- **What you are asked to do**:
Return verbatim the lines that run from the one holding "旬のカーリーヘア、ハンサムな" to the end of the listing, both ends included, without the pictures.

- **Input**:
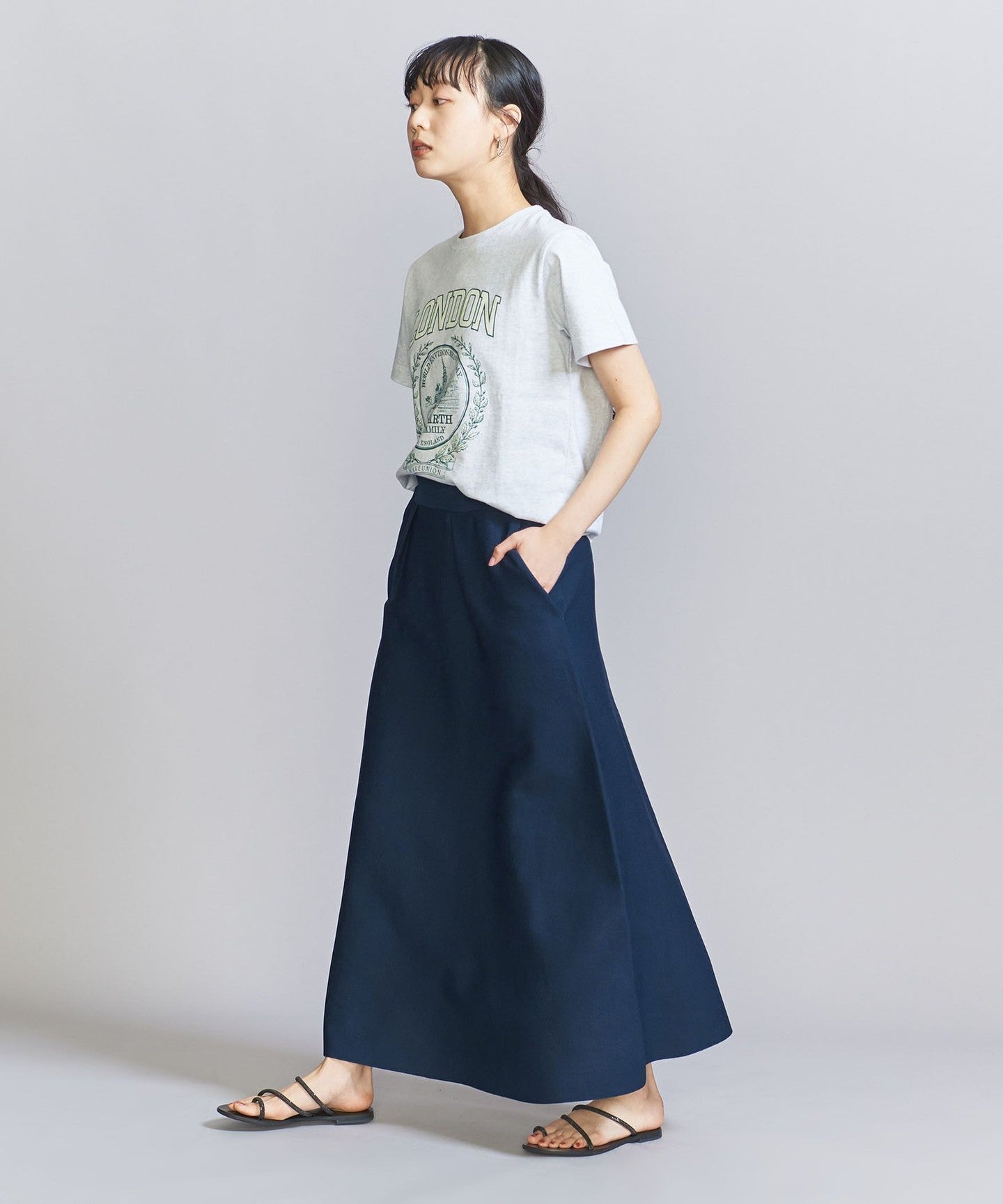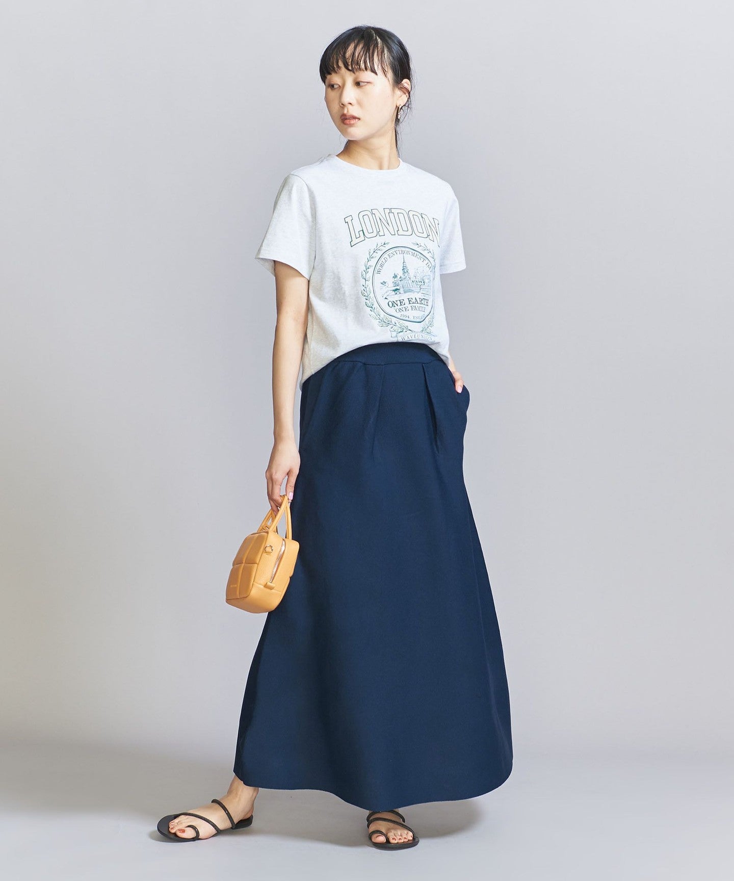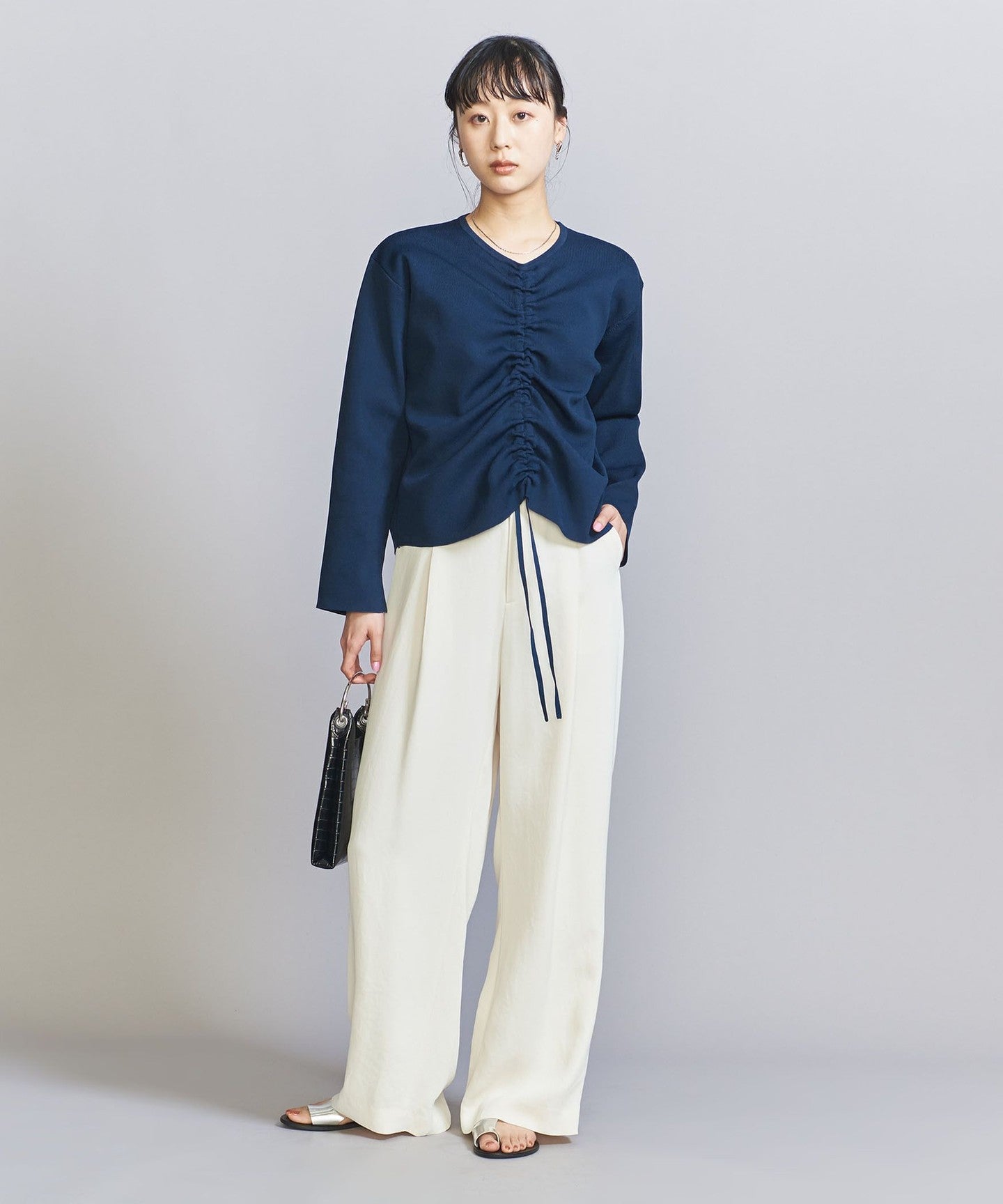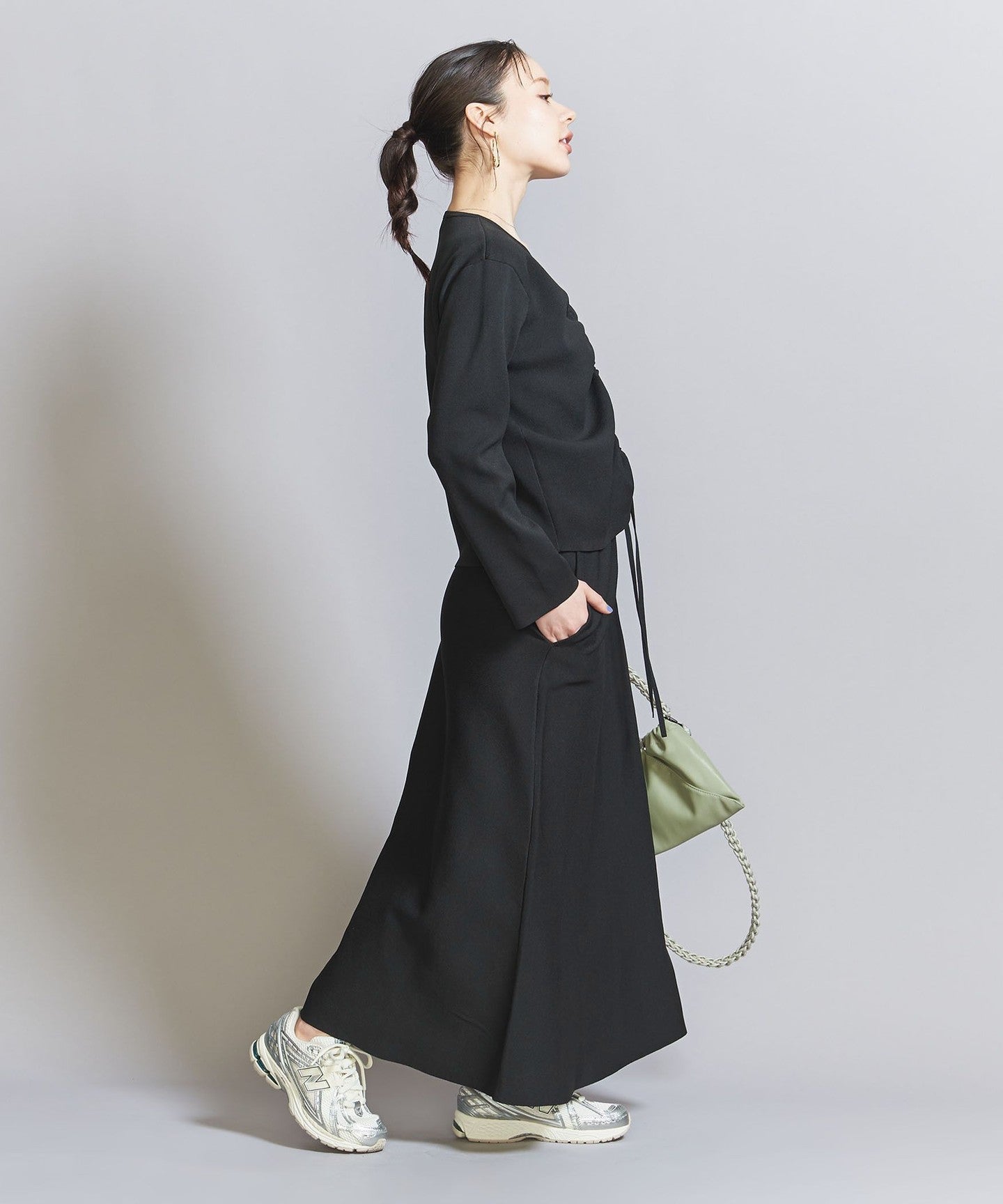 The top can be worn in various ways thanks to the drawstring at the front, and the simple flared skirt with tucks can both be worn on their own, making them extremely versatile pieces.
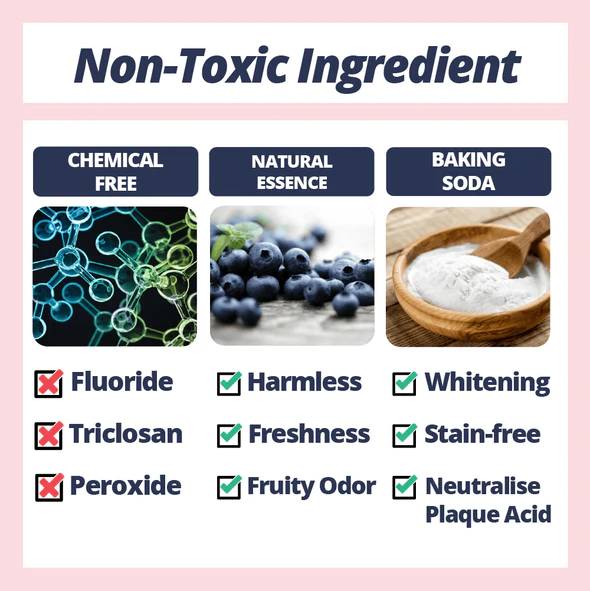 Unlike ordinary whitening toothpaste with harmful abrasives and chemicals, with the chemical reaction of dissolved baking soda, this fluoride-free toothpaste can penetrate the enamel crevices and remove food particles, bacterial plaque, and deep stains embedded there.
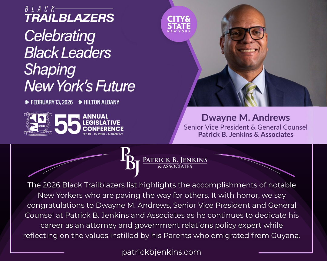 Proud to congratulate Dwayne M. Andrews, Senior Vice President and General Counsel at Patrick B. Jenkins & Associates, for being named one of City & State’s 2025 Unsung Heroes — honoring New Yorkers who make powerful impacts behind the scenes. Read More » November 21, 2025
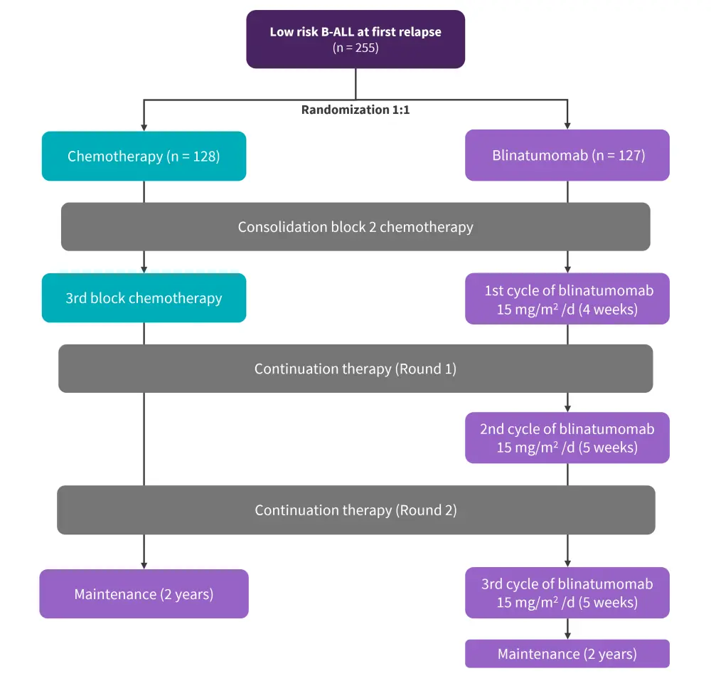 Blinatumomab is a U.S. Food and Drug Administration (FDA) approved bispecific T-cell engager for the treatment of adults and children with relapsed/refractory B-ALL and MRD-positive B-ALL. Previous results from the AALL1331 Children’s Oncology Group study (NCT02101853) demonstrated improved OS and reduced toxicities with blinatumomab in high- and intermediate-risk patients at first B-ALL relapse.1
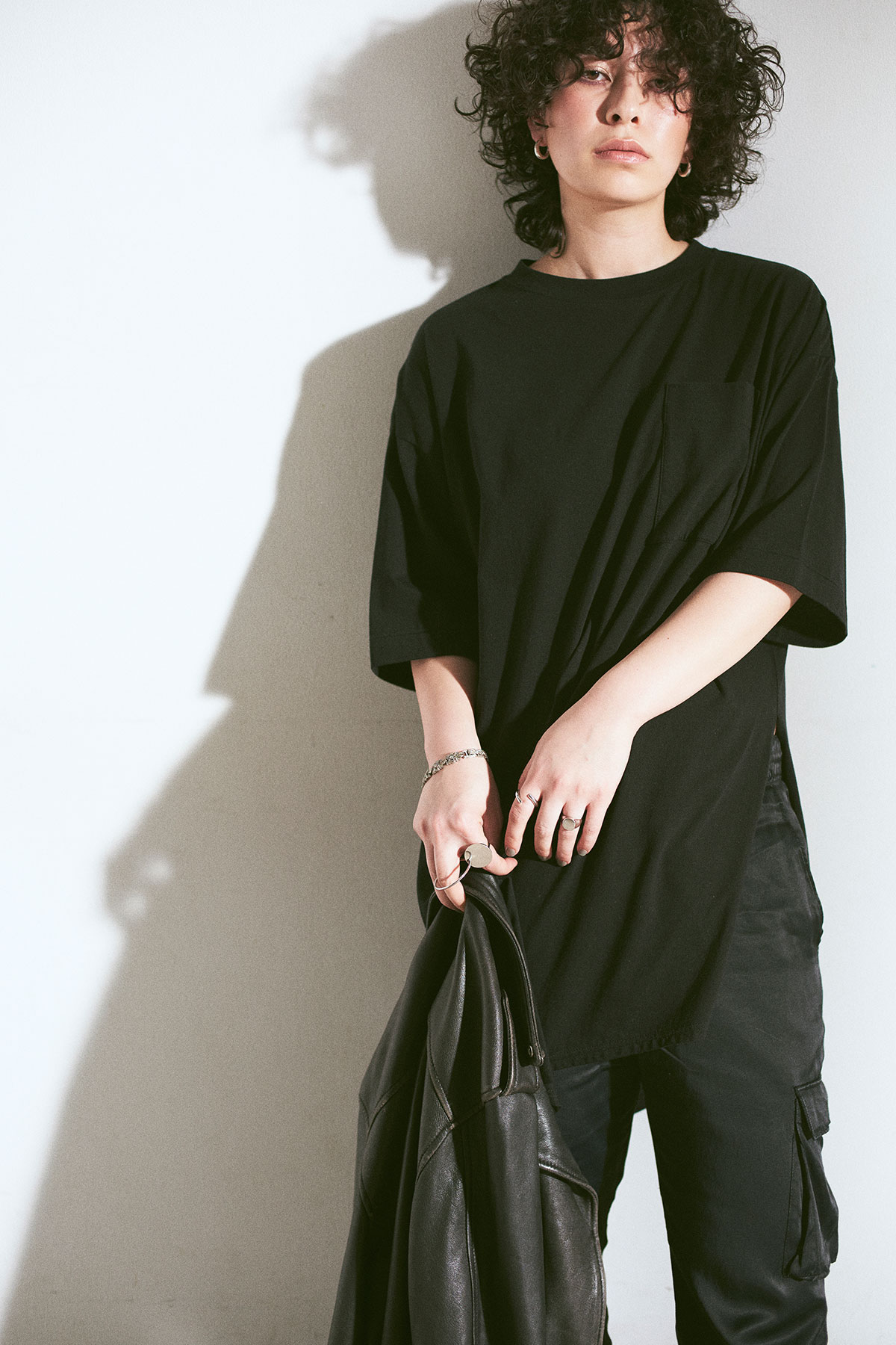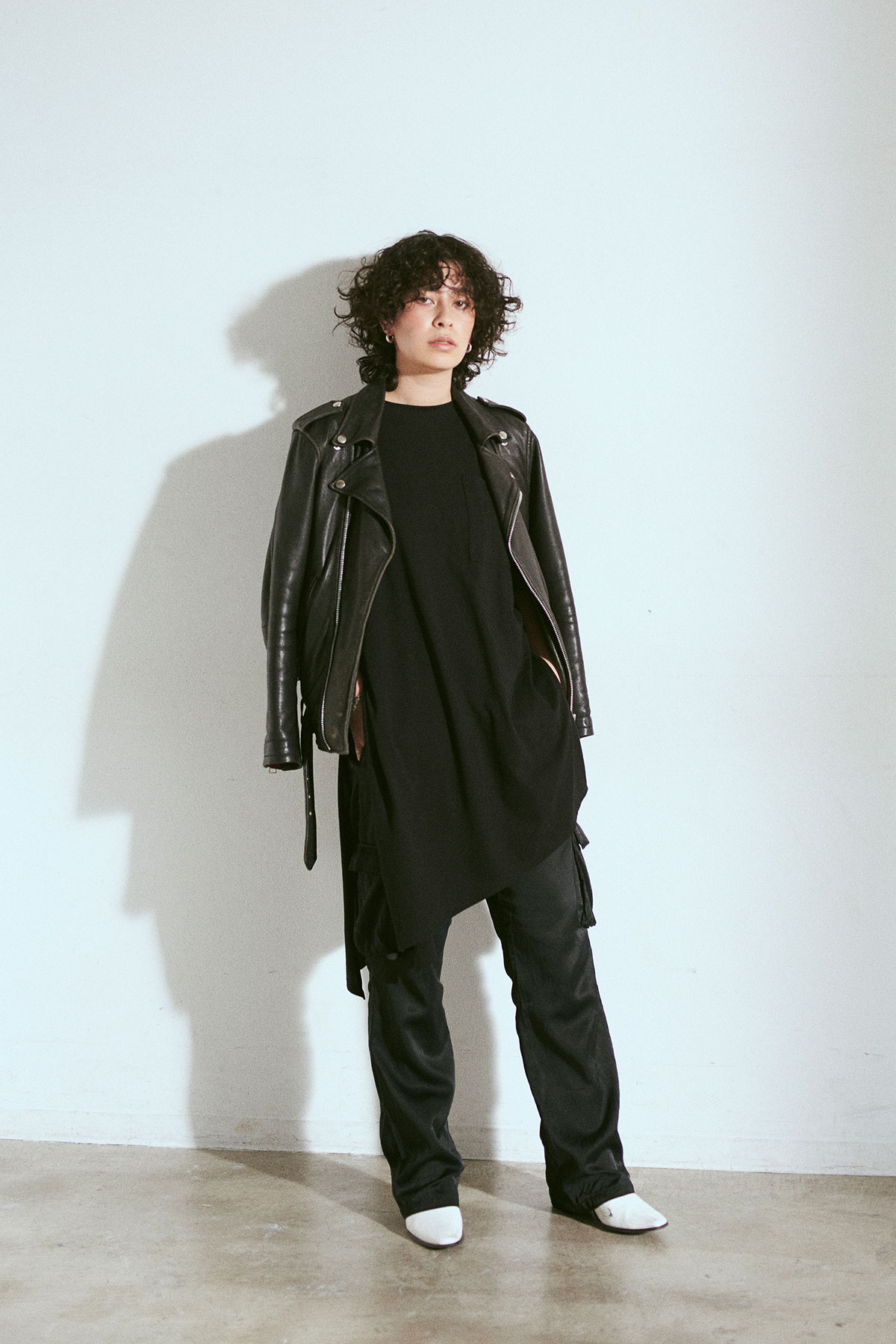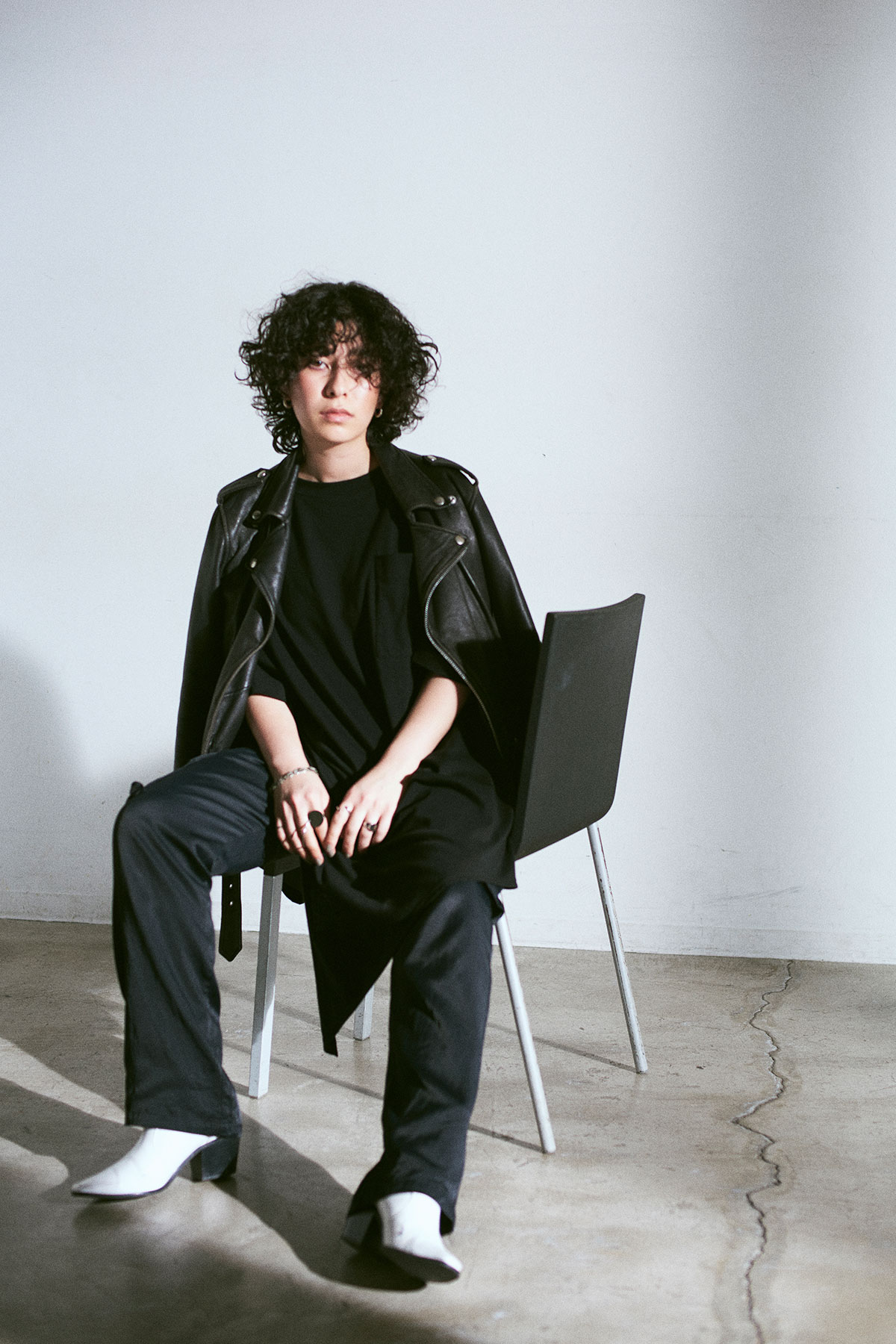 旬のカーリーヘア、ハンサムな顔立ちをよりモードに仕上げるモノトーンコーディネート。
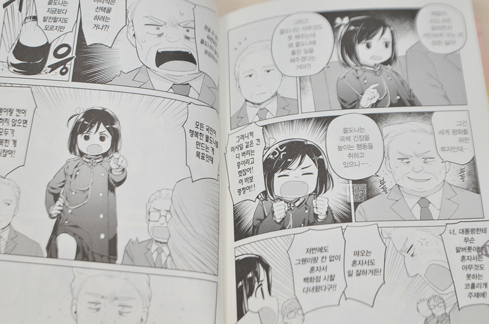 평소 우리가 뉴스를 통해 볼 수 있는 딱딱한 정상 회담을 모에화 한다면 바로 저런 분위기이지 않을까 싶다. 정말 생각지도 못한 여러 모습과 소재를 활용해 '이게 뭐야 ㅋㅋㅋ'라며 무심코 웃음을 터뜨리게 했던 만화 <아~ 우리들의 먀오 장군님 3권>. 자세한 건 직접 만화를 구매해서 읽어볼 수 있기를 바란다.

- **Answer for the task**:
 旬のカーリーヘア、ハンサムな顔立ちをよりモードに仕上げるモノトーンコーディネート。
 평소 우리가 뉴스를 통해 볼 수 있는 딱딱한 정상 회담을 모에화 한다면 바로 저런 분위기이지 않을까 싶다. 정말 생각지도 못한 여러 모습과 소재를 활용해 '이게 뭐야 ㅋㅋㅋ'라며 무심코 웃음을 터뜨리게 했던 만화 <아~ 우리들의 먀오 장군님 3권>. 자세한 건 직접 만화를 구매해서 읽어볼 수 있기를 바란다.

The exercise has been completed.